When the unfortunate — and inevitable — occurs, be aware of the very ugly reality that there are indeed strangers who comb obituaries in hopes of harvesting information for committing fraud. Don’t give them an easy lay-up. It’s understandable to want to pay tribute to your loved one, just be judicious with the information you publish in the newspaper or on your Facebook wall.

Next, suppress their credit file. This is probably the single-most important thing that can be done to protect their accounts from criminal manipulation. Contact each of the three major credit bureaus — Equifax, TransUnion and Experian — and make sure you’re able to prove you are the executor and have a certified copy of the death notice on hand.  Compared to the logistical nightmare and emotional dislocation involved when a loved one’s information is being misused, these are minimal requirements. Credit bureaus may not be able to accommodate a request to suppress credit in every instance, but they are often willing to add certain types of protection on a deceased person’s credit file. It may be an alert — a red flag signaling creditors that they need to take additional steps toward authorization — or it may be a freeze, which basically prevents creditors from pulling a person’s credit file, thus preventing the opening of new accounts.
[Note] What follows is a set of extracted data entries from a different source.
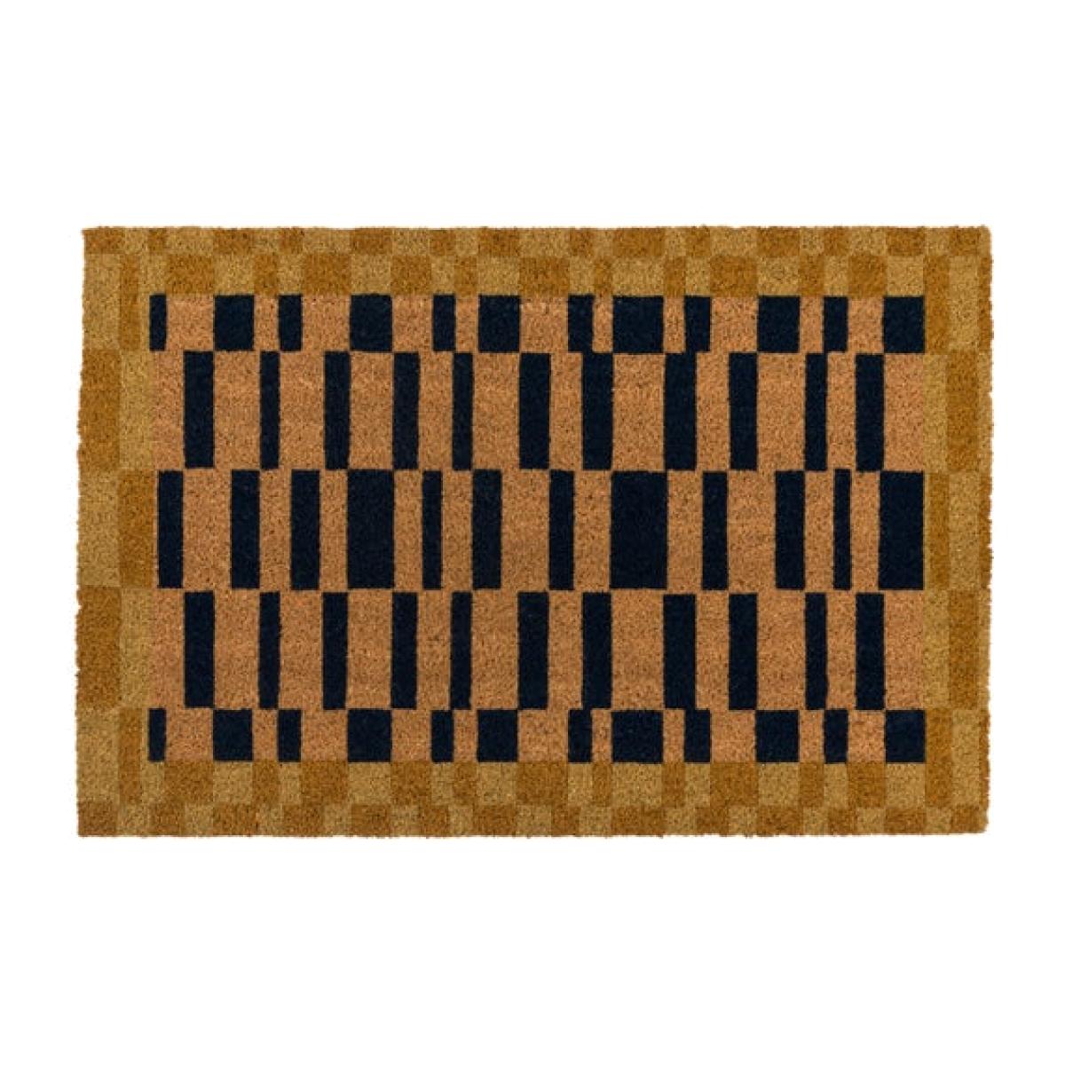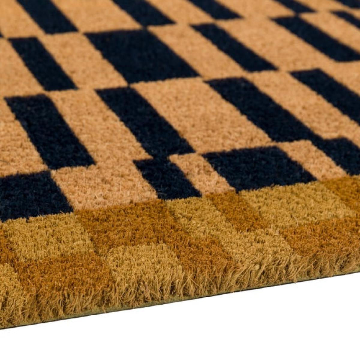 * Coir doormat * PVC backing * Suitable for indoors and outdoors Step into style with this geometric doormat. Its eye-catching black and natural colour scheme brings a modern edge to your entrance. Made from hard-wearing coir and finished with an anti-slip backing, it combines practicality with contemporary design.
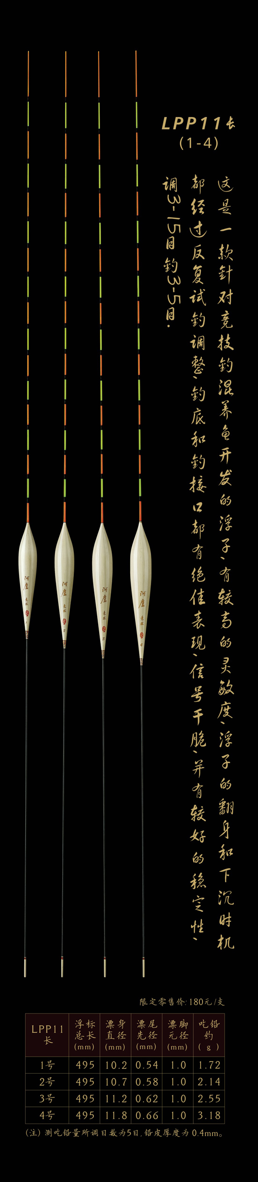 LPP11長:這是一款針對競技釣混養魚開發的浮子,有較高的靈敏度,浮子的翻身和下沉時機都經過反復試釣調整,釣底釣接口都有絕佳表現,信號干脆,并有較好的穩定性,調3—15目,釣3—5目。
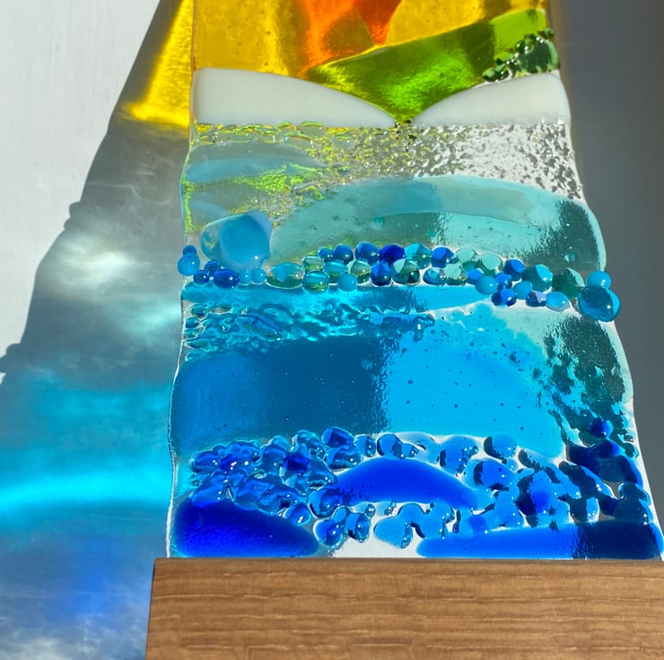 Lots of colour and texture feature in this glass panel with elements of sea, land and sunset sky.
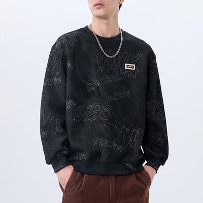 Wassup Rose Circle Letter Trendy Brand Crew Neck Sweatshirt for Men, New Heavyweight Pullover Top for Couples in Spring and Autumn
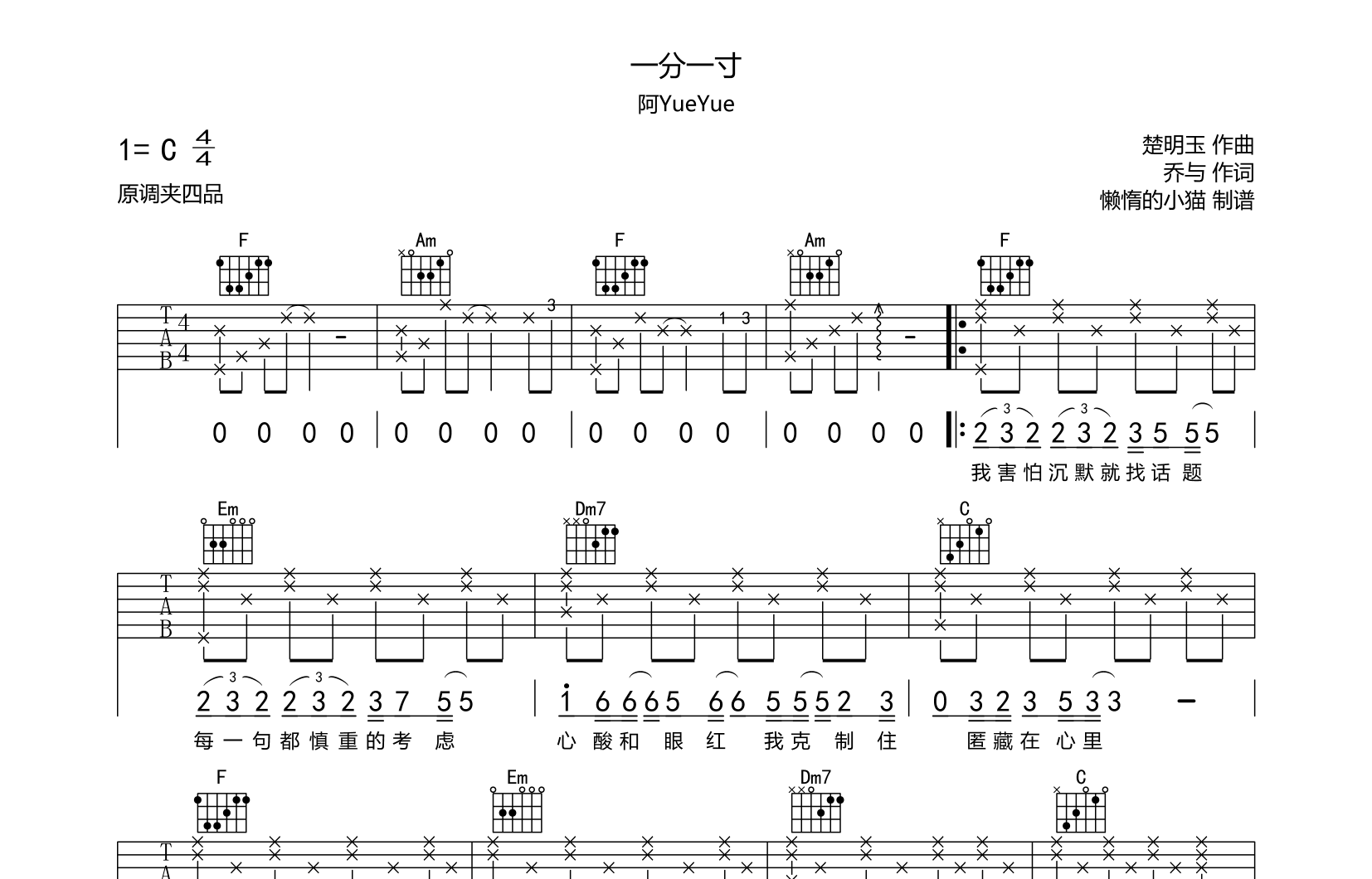 一分一寸吉他谱 - 阿yueyue - C调吉他弹唱谱 - 原版
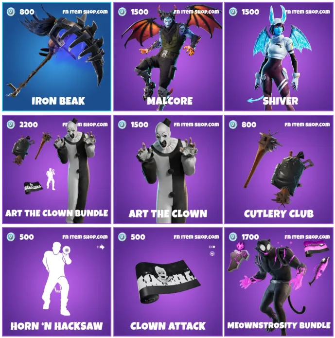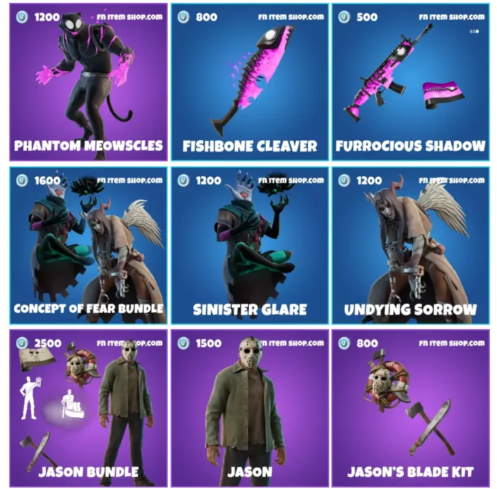 Fortnitemares domina la tienda con bundles como Nevermore, Meownstrosity y Concept of Fear.
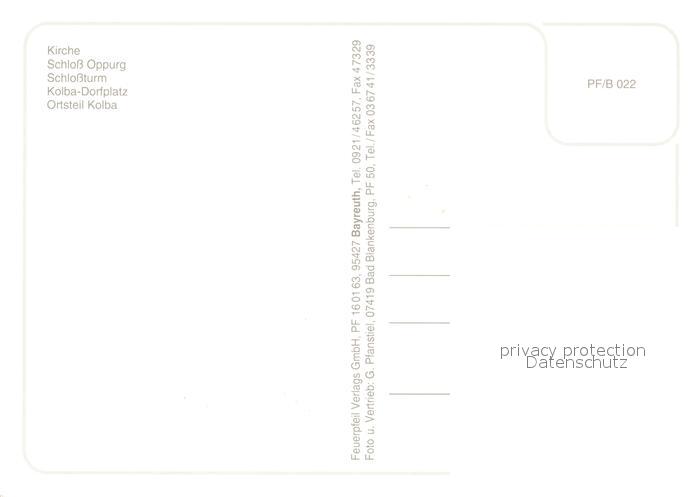 73227313 Oppurg Schloss Schlossturm Kolba-Dorfplatz postalisch nicht gelaufen Erhaltung siehe scans [LiesaD40] KatCode: 11110016075077
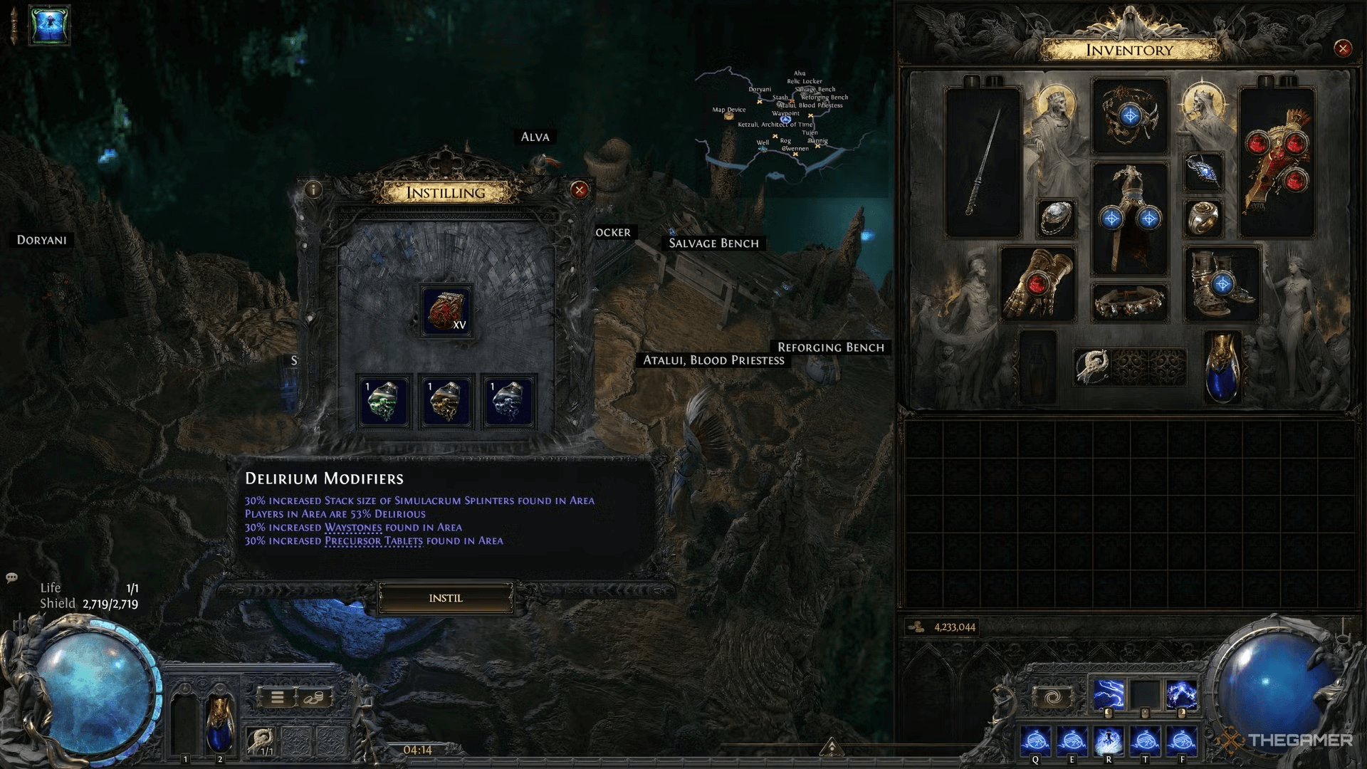 With your Distilled Emotions in hand, right-click one to open the anointing (instilling) window. This is where you’ll combine your materials to apply your Notable passive.
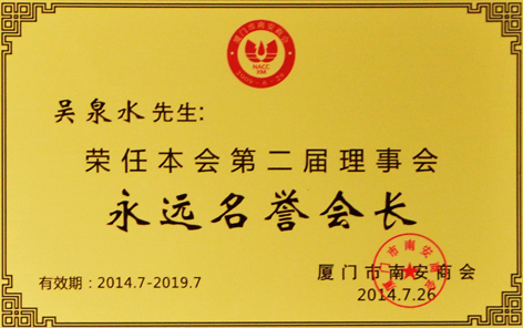 近期,鉴于吴泉水董事长近几年来对厦门市南安商会作出的贡献,厦门市南安商会第二届理事会特别授予集团吴泉水董事长“永远名誉会长”职务。 据悉,厦门市南安商会聚集了一大批在厦的南安籍企业及优秀企业家,投资覆盖近30多个行业,成员一度逾千人,遍布于房地产业、建材装修、医药食品、机械设备、加工制造、水暖阀门、电子科技、文化创意、医疗器械、酒店餐饮、石材石油、商贸服饰、外贸化工、烟酒茶业、日用零批、资金及项目开发、法律、商标咨询及服务、教育培训、旅游服务、机动车服务系列等几十个经济领域。

Clearly still work to be done

If health care workers are still preying upon the elderly and infirmed, that means government and business are still leaving the door open to fraud and exploitation. If health care providers can’t be bothered to conduct and abide by thorough criminal background checks, then the government needs to require them to do so. And if providers fail to do so, they must be held to exacting penalties.

When the unfortunate — and inevitable — occurs, be aware of the very ugly reality that there are indeed strangers who comb obituaries in hopes of harvesting information for committing fraud. Don’t give them an easy lay-up.

This is a humble request. Husbands, wives, siblings, children, or dear friends must cultivate a safe and protective refuge for loved ones in their time of need. We must work to protect their good name and their memory. Tending to their identity and finances comes with this territory. Business owners and lawmakers: take a good, hard look at what’s happening out in the world and how criminals continue to exploit the elderly and the ill, and start working now to ensure that we keep up with the ugly deeds of those who clearly have no conscience. This is the very least we can all do.